British Police Ask for Ecstasy Penalties to be Reduced as Drug War Collapse Continues 11/2/01

Drug War Chronicle, recent top items

more...

recent blog posts "In the Trenches" activist feed

SUBSCRIBE TODAY!!!

Last week, DRCNet reported on the final ignoble collapse of the Tony Blair government's steely resolve never to soften the marijuana laws (http://www.drcnet.org/wol/208.html#ukdecrim). Despite Blair's Labor government long-standing vows, Home Secretary David Blunkett announced that as of next spring, cannabis will be moved to the softest drug schedule -- along with steroids and anti-depressants -- and cannabis users and possessors will no longer be subject to arrest.

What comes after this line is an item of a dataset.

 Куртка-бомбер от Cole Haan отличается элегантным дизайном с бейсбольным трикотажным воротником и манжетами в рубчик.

That move is not quite a done deal -- it must be discussed by the government's Advisory Council on the Misuse of Drugs and approved by parliament -- but it is difficult to see how the desires of the majority government's Home Secretary will be overridden.

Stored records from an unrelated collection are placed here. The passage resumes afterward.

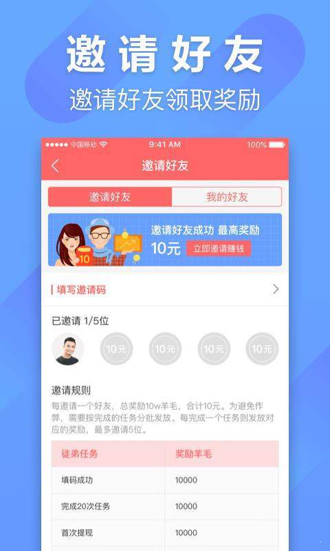 2、简单几步邀请好友,一起使用“羊毛赚服务”成为自己的徒弟,我们就能赚佣金奖励。
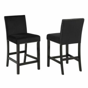 Roundhill Furniture Contemporary Velvet 24.5 in. Counter Stool – Set of 2 – Black
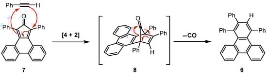 Diels–Alder reaction between phencyclone (7) and phenylacetylene, followed by cheletropic extrusion of carbon monoxide from transient intermediate 8 to form 1,2,4-triphenyltriphenylene (6).
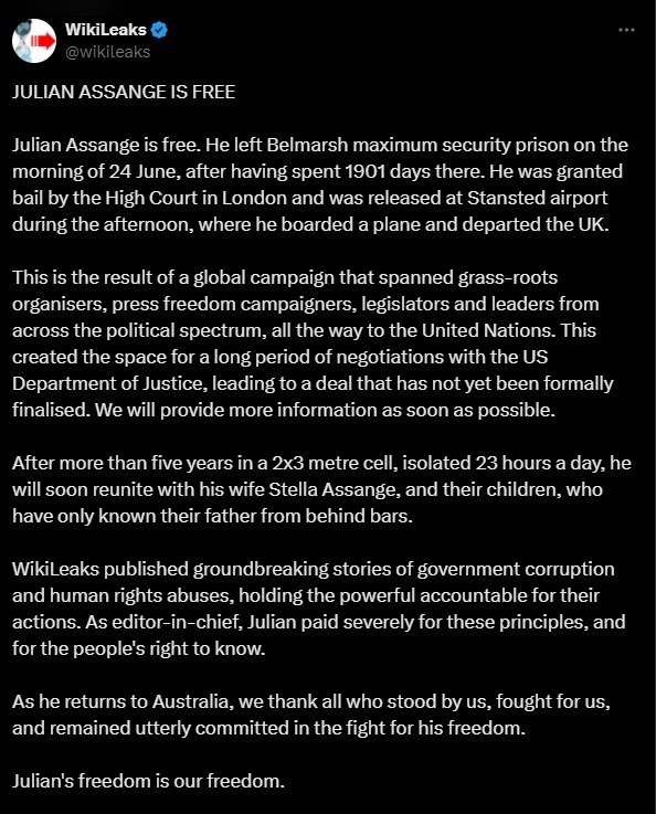 5年后的2024年6月24日上午,阿桑奇重获自由,离开贝尔马什监狱,前往伦敦斯坦斯特德机场,并于当天下午乘机离开英国。阿桑奇搭乘飞机在经停泰国曼谷后,于26日抵达美属北马里亚纳群岛首府塞班岛,在完成相关法庭程序后,将由澳大利亚驻英国大使陪同返回澳大利亚。

As if virtual decriminalization of cannabis were not enough, the organization representing Britain's top police commanders has called for relaxation of penalties for ecstasy, the popular dance club and rave drug. The Association of Chief Police Officers (ACPO) said that ecstasy was incorrectly scheduled as a most serious Schedule A drug, along with heroin, cocaine, and LSD, and should instead be moved to Schedule B. (Cannabis is currently a Schedule B drug, but would move to the lowest schedule, Schedule C, under Labor's new plan.)

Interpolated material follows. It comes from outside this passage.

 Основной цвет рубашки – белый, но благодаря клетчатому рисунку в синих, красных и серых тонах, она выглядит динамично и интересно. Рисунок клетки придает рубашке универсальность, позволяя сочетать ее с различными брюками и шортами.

"We need to achieve a balance of police resources focusing a greater priority on class A drugs," the chairman of ACPO's drugs committee Andy Hayman told The Observer newspaper. "ACPO's submission to the Independent Inquiry into Drugs, based on the most up-to-date medical and scientific research, was that some drugs seem to be in too high a class, including ecstasy," said Hayman, a Deputy Assistant Commissioner in London's Metropolitan Police.

But the group would want further review of the medical evidence on ecstasy before the law was changed, Hayman added.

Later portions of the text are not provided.